The reason is that wan2.2 uses dual transformers, and we have dit_cpu_offload enabled. Therefore, the weights are on cpu after loaded, and during the first step, the weights of both transformer and transformer_2 are copied from the CPU to the CUDA device, making the first step very slow. Then, at the 19th step, a dual-stream switch occurs, requiring both transformer and transformer_2 to be offloaded back to the CPU, their weights swapped, and then copied back to the CUDA device.

main branch:

sglang generate   --model-path Wan-AI/Wan2.2-T2V-A14B-Diffusers   --text-encoder-cpu-offload   --pin-cpu-memory   --num-gpus 8   --ulysses-degree 8 --attention-backend sage_attn  --enable-torch-compile --prompt "A cat walks on the grass, realistic" --num-frames 81 --height 720 --width 1280 --num-inference-steps 27 --guidance-scale 3.5 --guidance-scale-2 4.0 --perf-dump-path /home/lmsys/bbuf/dump/wan_step_profile_cp8_main.json

100%|███████████████████████████████████████████████████████████████████████████████████████████████████████████████████████████████████████████████████████████████████████| 27/27 [02:28<00:00,  5.52s/it]
[12-19 08:37:22] [DenoisingStage] average time per step: 5.5156 seconds
[12-19 08:37:23] [DenoisingStage] finished in 149.6943 seconds



"denoise_steps_ms": [
    35999.06893167645,
    3261.483933776617,
    3270.5406425520778,
    3267.8588768467307,
    3260.3964526206255,
    3263.016454875469,
    3268.026988953352,
    3264.5184732973576,
    3264.636719599366,
    3267.1875776723027,
    3268.562350422144,
    3268.1023878976703,
    3266.7769035324454,
    3268.044295720756,
    3264.268895611167,
    3271.0087513551116,
    3267.674465663731,
    3266.1060262471437,
    31282.590138725936,
    3263.5639663785696,
    3262.301029637456,
    3262.3210102319717,
    3261.833382770419,
    3264.719443395734,
    3265.314467251301,
    3267.530156299472,
    3261.9533529505134
  ],

pr

sglang generate   --model-path Wan-AI/Wan2.2-T2V-A14B-Diffusers   --text-encoder-cpu-offload   --pin-cpu-memory   --num-gpus 8   --ulysses-degree 8 --attention-backend sage_attn  --enable-torch-compile --prompt "A cat walks on the grass, realistic" --num-frames 81 --height 720 --width 1280 --num-inference-steps 27 --guidance-scale 3.5 --guidance-scale-2 4.0 --dit-layerwise-offload true --perf-dump-path /home/lmsys/bbuf/dump/wan_step_profile_cp8_async_offload.json


100%|██████████████████████████████████████████████████████████████████████████████████████████████████| 27/27 [01:33<00:00,  3.46s/it]
[12-20 02:59:10] [DenoisingStage] average time per step: 3.4553 seconds
[12-20 02:59:10] [DenoisingStage] finished in 94.2283 seconds

"denoise_steps_ms": [
    7717.6975486800075,
    3275.042257271707,
    3280.2467988803983,
    3282.276245765388,
    3292.9044039919972,
    3286.5121429786086,
    3273.5616639256477,
    3271.6003246605396,
    3275.5934856832027,
    3291.9061705470085,
    3293.934356421232,
    3289.3909830600023,
    3298.0582248419523,
    3300.408118404448,
    3305.0247132778168,
    3299.3013756349683,
    3302.0150866359472,
    3299.040620215237,
    3291.0401169210672,
    3296.6199973598123,
    3290.26335850358,
    3302.190547809005,
    3295.942653901875,
    3297.3329443484545,
    3297.713255509734,
    3295.0284238904715,
    3290.1963284239173
  ],

149.69->94.22s, speed up 58% 。

memcpy and compute are completely overlapped, with no additional overhead.

Warmup

Whether torch compile is enabled or not, I found that the performance of the first step is about 7 times slower than the subsequent steps, which is unacceptable.

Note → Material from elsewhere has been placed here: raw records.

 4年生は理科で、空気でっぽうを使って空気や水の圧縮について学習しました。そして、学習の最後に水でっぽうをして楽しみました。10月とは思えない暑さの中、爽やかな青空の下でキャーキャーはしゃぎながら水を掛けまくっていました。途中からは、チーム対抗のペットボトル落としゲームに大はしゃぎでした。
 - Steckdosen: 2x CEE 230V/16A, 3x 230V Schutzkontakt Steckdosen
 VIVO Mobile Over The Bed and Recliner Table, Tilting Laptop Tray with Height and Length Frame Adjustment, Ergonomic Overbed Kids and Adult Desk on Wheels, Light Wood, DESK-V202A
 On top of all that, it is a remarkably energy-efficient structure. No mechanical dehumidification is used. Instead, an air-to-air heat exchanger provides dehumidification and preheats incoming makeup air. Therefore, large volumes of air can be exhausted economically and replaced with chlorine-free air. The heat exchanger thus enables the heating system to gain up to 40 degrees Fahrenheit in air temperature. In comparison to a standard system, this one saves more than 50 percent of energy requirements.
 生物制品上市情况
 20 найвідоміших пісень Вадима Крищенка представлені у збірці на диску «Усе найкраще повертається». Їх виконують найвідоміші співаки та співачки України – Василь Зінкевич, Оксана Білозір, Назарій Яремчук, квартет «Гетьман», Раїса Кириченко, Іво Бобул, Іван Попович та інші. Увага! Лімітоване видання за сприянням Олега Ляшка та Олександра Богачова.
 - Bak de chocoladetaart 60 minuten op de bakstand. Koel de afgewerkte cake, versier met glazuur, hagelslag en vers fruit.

I profiled the full stage for both scenarios and discovered that the reason for the long initialization time is the initialization overhead of the NCCL All2All. This overhead should not be in the denoise stage but should be handled in advance. Therefore, I implemented a pre-warmup logic specifically for the All2All operation to eliminate this overhead. Now, without torch compile, the time for the first step is almost the same as that of the subsequent steps. Even with compile enabled, the time for the first step is only about twice that of the subsequent steps.

Modifications

Accuracy Tests

Benchmarking and Profiling

Checklist

Format your code according to the Format code with pre-commit.
Add unit tests according to the Run and add unit tests.
Update documentation according to Write documentations.
Provide accuracy and speed benchmark results according to Test the accuracy and Benchmark the speed.
Follow the SGLang code style guidance.
Work with maintainers to merge your PR. See the PR Merge Process

gemini-code-assist · 2025-12-20T03:05:30Z

Warning

You have reached your daily quota limit. Please wait up to 24 hours and I will start processing your requests again!

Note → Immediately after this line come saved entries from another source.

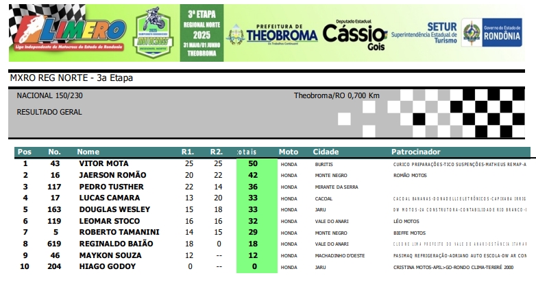 A prova que teve cerca de 100 inscrições de toda região foi homologada como a 3ª etapa do Campeonato Regional Norte da Limero – Liga Independente de Motocross de Rondônia. A competição em duas rodas foi disputada numa pista com cerca de 700 metros em seis categorias – Incentivo, Feminina, Importada Força Livre, Nacional 150/230, Importada MX3 e Nacional Força livre.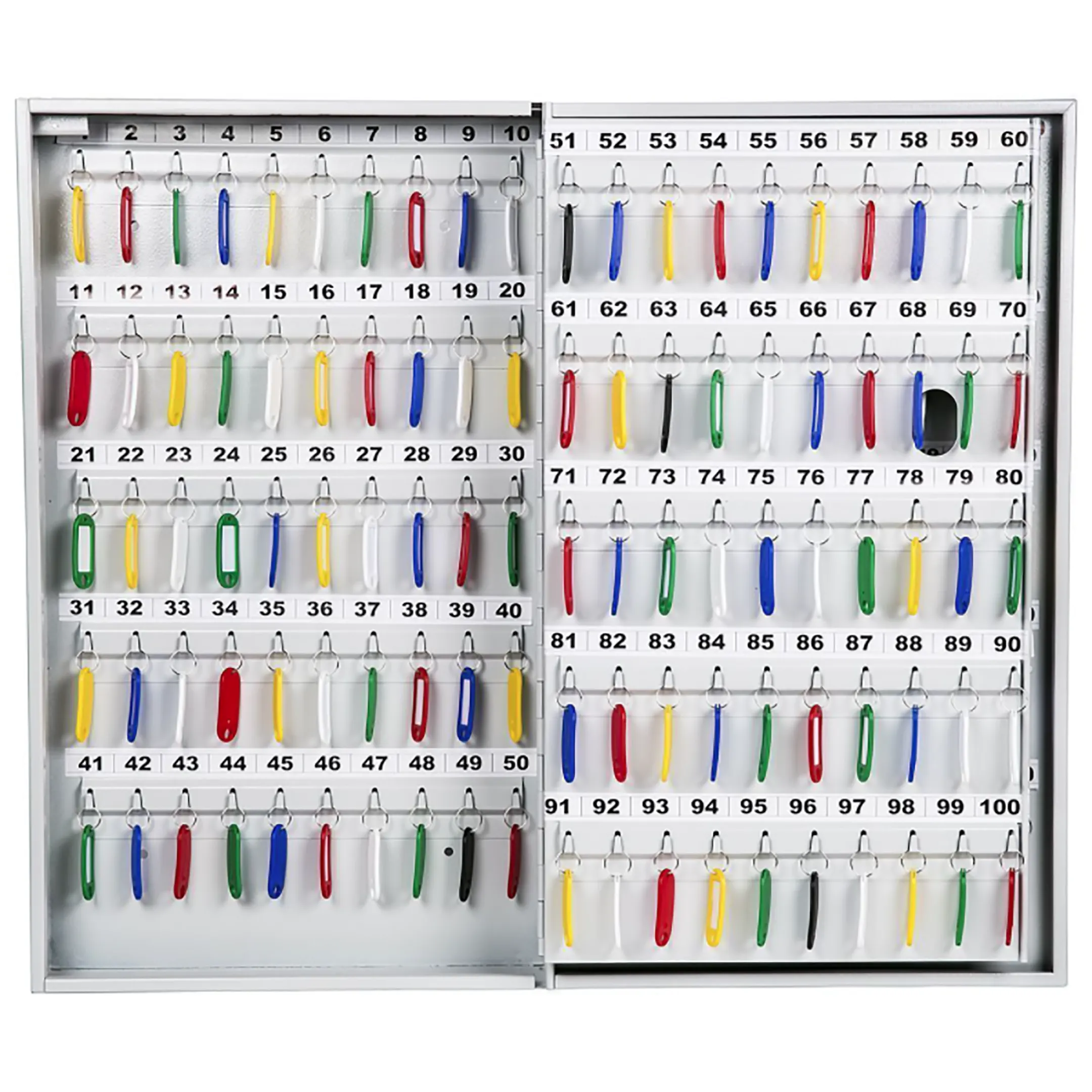 - Удобство для ежедневной работы и эргономика — внутренняя панель с рядами пронумерованных крючков обеспечивает отличный обзор. Комплектные брелки упрощают процесс снятия и возврата. Настенный или напольный монтаж позволяет выбрать наиболее удобное и контролируемое место для размещения.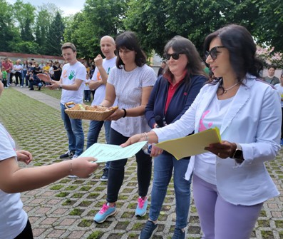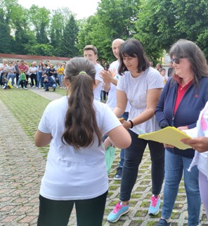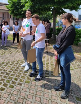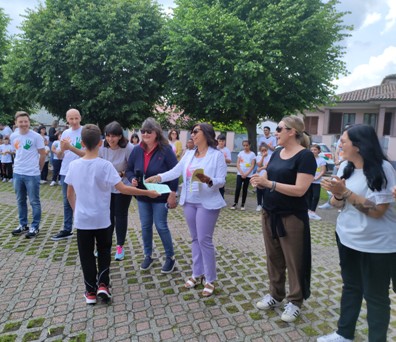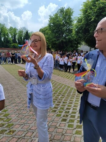 Alla Dirigente scolastica e all’Assessore viene offerto un piccolo dono preparato dai bambini.

mickqian · 2025-12-20T03:11:12Z

python/sglang/multimodal_gen/runtime/distributed/parallel_state.py

+
+        warmup_start = time.time()
+
+        device = torch.device(f"cuda:{get_world_group().local_rank}")


could we use current_platform.get_device_name?

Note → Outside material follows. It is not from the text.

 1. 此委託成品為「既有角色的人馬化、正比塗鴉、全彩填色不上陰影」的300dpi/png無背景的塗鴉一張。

Need to obtain each rank and then perform the all2all operation. Getting the device_name only gives us one rank?

I tried it, but the warmup time didn't decrease.

python/sglang/multimodal_gen/runtime/distributed/parallel_state.py

python/sglang/multimodal_gen/runtime/loader/component_loader.py

python/sglang/multimodal_gen/runtime/models/dits/wanvideo.py

python/sglang/multimodal_gen/runtime/utils/layerwise_offload.py

Edenzzzz · 2025-12-20T04:07:55Z

python/sglang/multimodal_gen/runtime/models/dits/wanvideo.py

+            offload_mgr = getattr(self, "_layerwise_offload_manager", None)
+            if offload_mgr is not None and getattr(offload_mgr, "enabled", False):
+                for i, block in enumerate(self.blocks):
+                    offload_mgr.prefetch_layer(i + 1, non_blocking=True)


I'm probably missing something, but does FSDP also prefetch and offload layerwise?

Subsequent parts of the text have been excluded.